Torque also plays a major role in human movement and biomechanics. Muscles generate torque at joints to produce motion. For example, the torque exerted by the biceps muscle at the elbow allows lifting objects.

Example: Human Arm

Suppose a person holds a 5 kg weight in their hand with the arm extended 0.4 m from the elbow. The torque about the elbow joint is:

$$ \tau = r \cdot F = 0.4 \cdot (5 \cdot 9.8) = 0.4 \cdot 49 = 19.6 \, \text{N·m} $$

Measuring Torque

Torque can be measured using a torque wrench or a torque sensor. In industry and automotive settings, digital torque sensors are used for precision.

Torque Wrench

A torque wrench is calibrated to apply a specific torque, ensuring that bolts and nuts are not under- or over-tightened.

Digital Torque Sensors

These are used in machines to monitor torque in real time, improving safety and efficiency in operations like robotic arms, CNC machines, and electric motors.

Common Mistakes with Torque

Forgetting to use perpendicular force in torque calculation
Using incorrect units (e.g., forgetting to convert cm to meters)
Assuming torque equals force (they are related but not the same)
Mixing up clockwise and counterclockwise signs in net torque

Tips for Solving Torque Problems

Always draw a free-body diagram (FBD)
Choose a pivot point that simplifies calculations
Use consistent units
Apply trigonometry when forces are at an angle
Double-check direction of rotation (sign convention)

Conclusion (Extended)

Torque is a central concept in both theoretical and applied physics. From balancing beams and analyzing levers to powering car engines and understanding muscle movement, torque affects a vast array of systems.

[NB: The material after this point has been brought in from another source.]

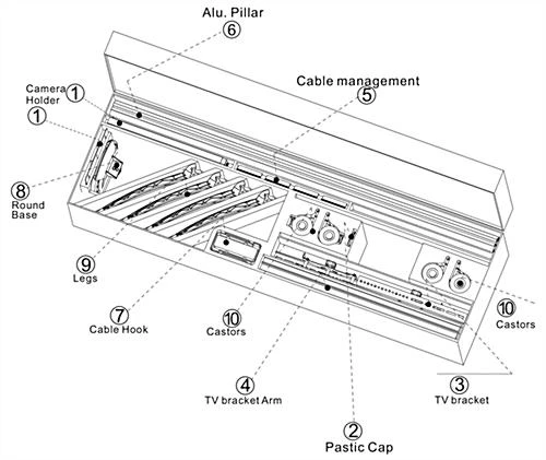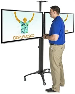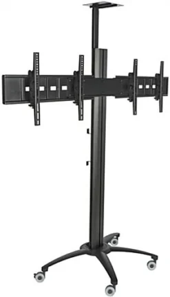 With durable wheels that lock, this industrial TV stand with case makes an ideal media cart for trade shows and other venues. Integrated cable management coupled with a cord winder and electrical supply make this modern design look professional at all times. Able to hold (2) 30” to 60” screens, each dual TV stand is perfect for gathering attention in any bustling environment. The included media cart container features padded EVA foam with a space contoured to fit each part of the television holder. Maintain peace of mind knowing your TV stand is safe from prying hands by installing a padlock on one of the 4 receptive latches. With a modern design and stylish black finish this portable setup is sure to get your message noticed.

Its correct application allows engineers to design safer structures, develop more efficient machines, and optimize performance across many industries.

Whether in classical mechanics or advanced engineering, mastering torque equips students, researchers, and professionals with the tools to tackle real-world mechanical challenges. Understanding its relationship with moment of inertia, angular momentum, and equilibrium leads to deeper insights into how the physical world operates.

As you encounter problems involving rotation, remember that torque is the key that unlocks the motion. Grasping this concept empowers you to analyze and innovate across fields where rotational forces govern motion.